Losing It (Losing It, #1)

The easiness of the night before evaporated by Friday morning. Cade wasn’t mad per say, but he wasn’t much of anything really. He didn’t talk to me in the greenroom or sit by me in class. When I joined a conversation, he left it. I was a habit, and he appeared to be quitting cold turkey.

Garrick’s gentle smile in Senior Prep helped. We’d commandeered the computers in the Design lab for the day to do post-grad research. Some were researching graduate schools, others scouring for internships. Kelsey was looking at airline tickets and hostels in random cities around the world.

I was looking at the search engine homepage.

Hands curled around the back of my chair, and Garrick’s body leaned in close to mine. The proximity was altogether distracting.

“What are you thinking, Bliss?”

I should have said, you. Naked. That would have shocked him. Not that I was actually thinking of him naked… well, now that I mentioned it I was… damn.

Like I said, distracting.

I shook my head, because I didn’t have an answer, not one I could say out loud. He stepped around me and leaned on the table, looking at me.

“Acting or Stage Management?” The gaze he fixed on me felt too personal in this room full of my classmates, even if none of them were looking, well, other than Kelsey. She watched pretty much any time Garrick talked to me, which reminded me that we had to be careful.

“I don’t know,” I muttered.

“Okay, well what about a city? You can start looking at apartments. That’s certainly something you’ve got to think about, especially if you’re going to New York.”

I stared at the search engine box. It was taunting me.

“I can’t afford New York,” I told him.

“That’s okay. Most people can’t. There are plenty of regional markets to consider. Philadelphia.” I jerked around to face him. Was he telling me to look at Philadelphia? Where he lived? Was he trying to tell me something or was I reading too far into this. His face was blank as he continued, “Dallas and Houston both have a fair amount of work. Chicago. Seattle. Boston. D.C. There’s plenty to choose from, actually.” I turned back toward my computer, my heart still beating a little too fast. I was definitely reading into this. It wasn’t like we were serious. We’d spent the evening cuddled on my couch. That didn’t mean we were together or that I was ready to move halfway across the country with him.

“Just explore.
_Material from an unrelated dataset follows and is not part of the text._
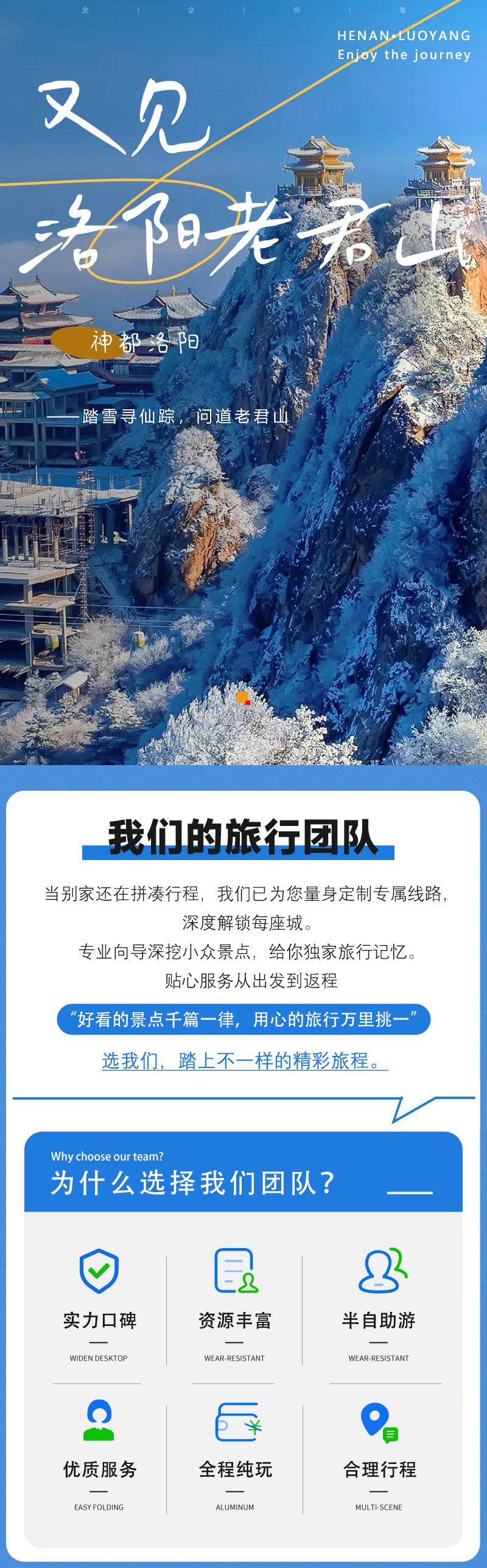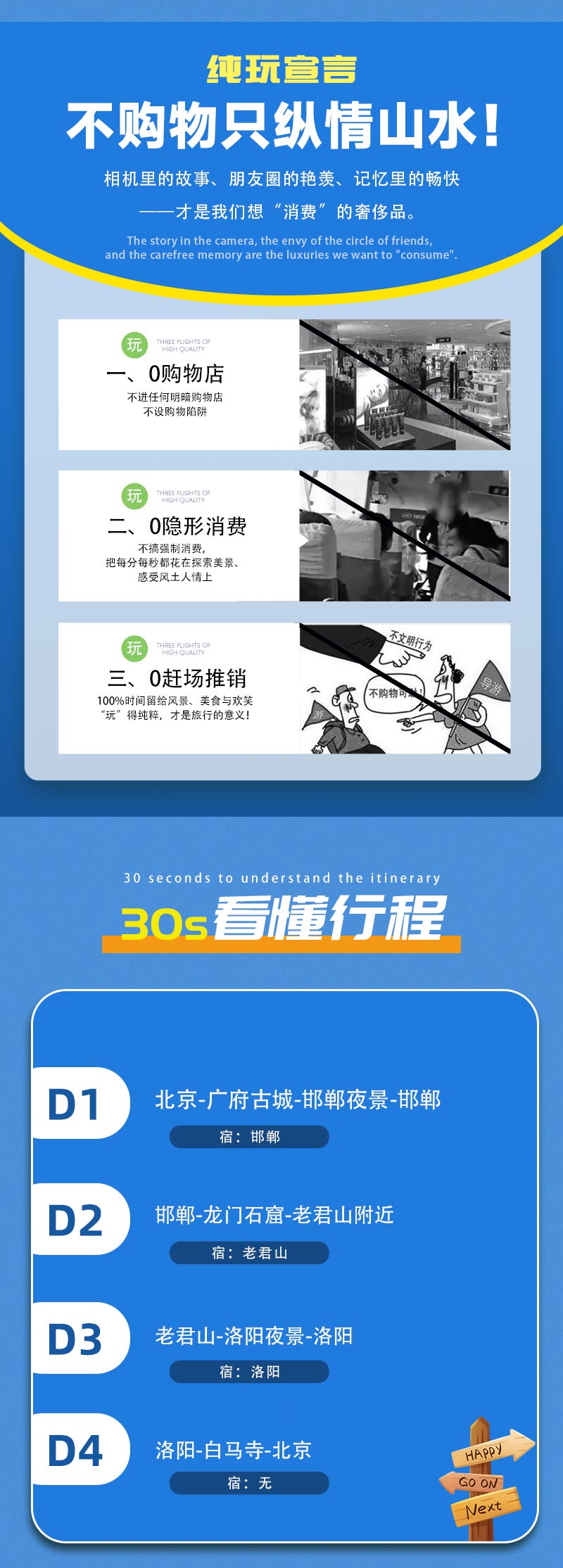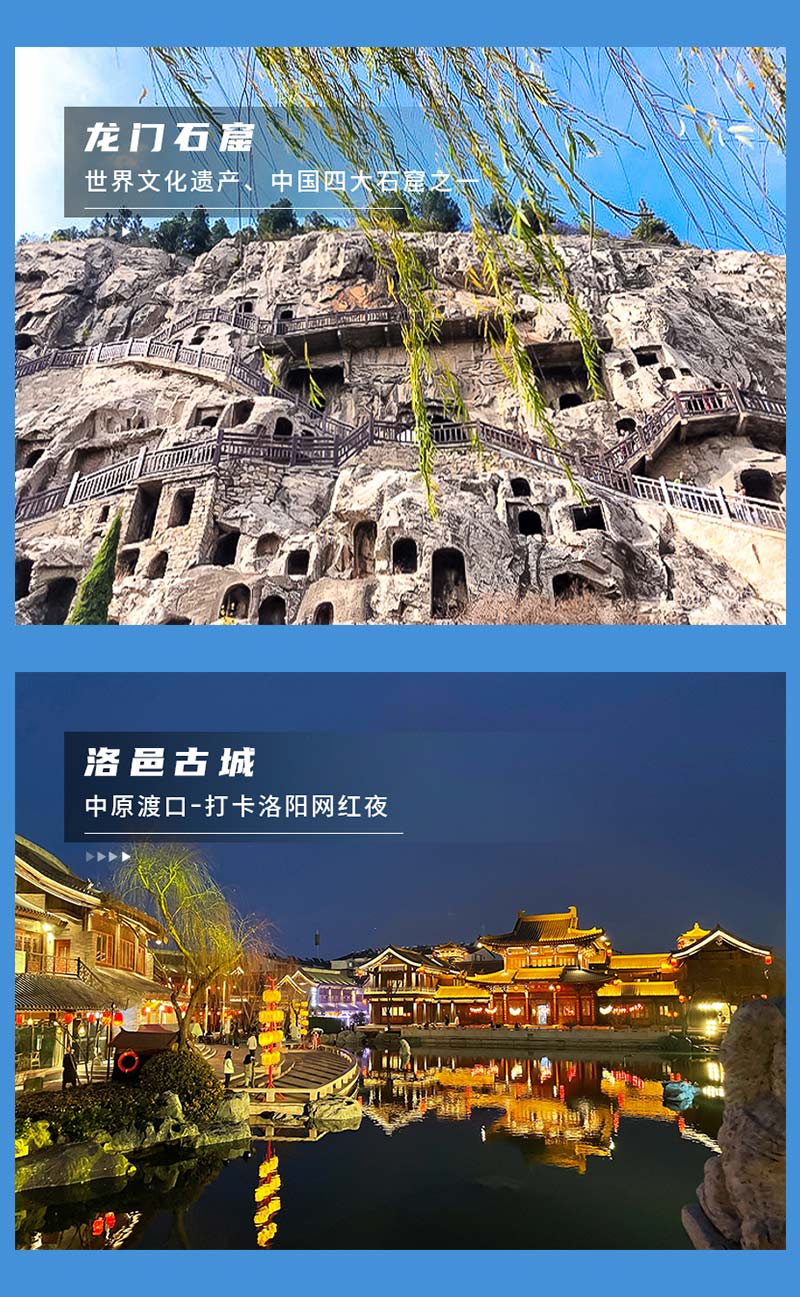 2)门票:老君山门票+中灵往返索道团体220元,龙门石窟90元自行网上预约,白马寺35元;价格供参考,以景区实际政策为准。

Look up something,” He said before leaving me to continue walking around the room.

I placed my fingers on the keys, but they felt like lead, too weighted to move. I stared at the key with the letter “P.” I could see Kelsey watching me out of the corner of my eye, and as curious as I was now about Philadelphia, I typed “Stage Management Internships” into the search engine.

Then I clicked from webpage to webpage, watching the clock in the corner of my screen, willing the numbers to change faster.

When class was over, my relief was short-lived.

The cast list had been posted.

I was still Phaedra, which was good. How embarrassing would it have been if Eric had changed his mind? Kelsey got Aphrodite like she wanted. Rusty did get a soldier, just like he’d predicted.

And Cade was Hippolytus.

***

I knocked on Garrick’s door that evening, nervous despite our agreement to take things slow. We hadn’t really talked about doing anything tonight, and despite our tenuous relationship, we’d yet to exchange numbers. So, I hoped I wasn’t being needy by seeking him out a second night in a row. Hamlet, definitely, was glad to have me out of the apartment. We still weren’t coexisting very well.

My worry eased when he opened the door and said, “Oh thank God. I’ve been thinking about coming round to your place for over an hour, but I was afraid I’d knock on the door and you’d have people over or something.”

I laughed.

“Maybe we should actually exchange numbers then.”

He said, “Are you going to put me in your phone under some secret code name so that no one knows who I am when I text you dirty things?”

My eyes widened. “Are you planning to text me dirty things?”

His eyes danced with amusement and that blinding grin was back on his face. “I’m not ruling it out.”

Oh. Oh. My nerves shot back up.

He took my hand, and pulled me into his living room where a book was open on his sofa. It was poetry, of course, because he was perfect, and woefully out of my league. He marked his page, and placed the collection on top of a pile of books at the edge of the sofa.

He reached and laced our fingers together in the space between us. I wanted to lean into him, wrap myself around him, and not move from his arms until I had to, but I still felt awkward. Were we in that place yet where we could just do that? Or did we have to work our way up to it?

“So… Cast list?” He asked.

I groaned and leaned my head back against his couch.

“It’s not that bad, is it?”

“That depends on whether or not Cade is speaking to me by the time rehearsal rolls around in two weeks.”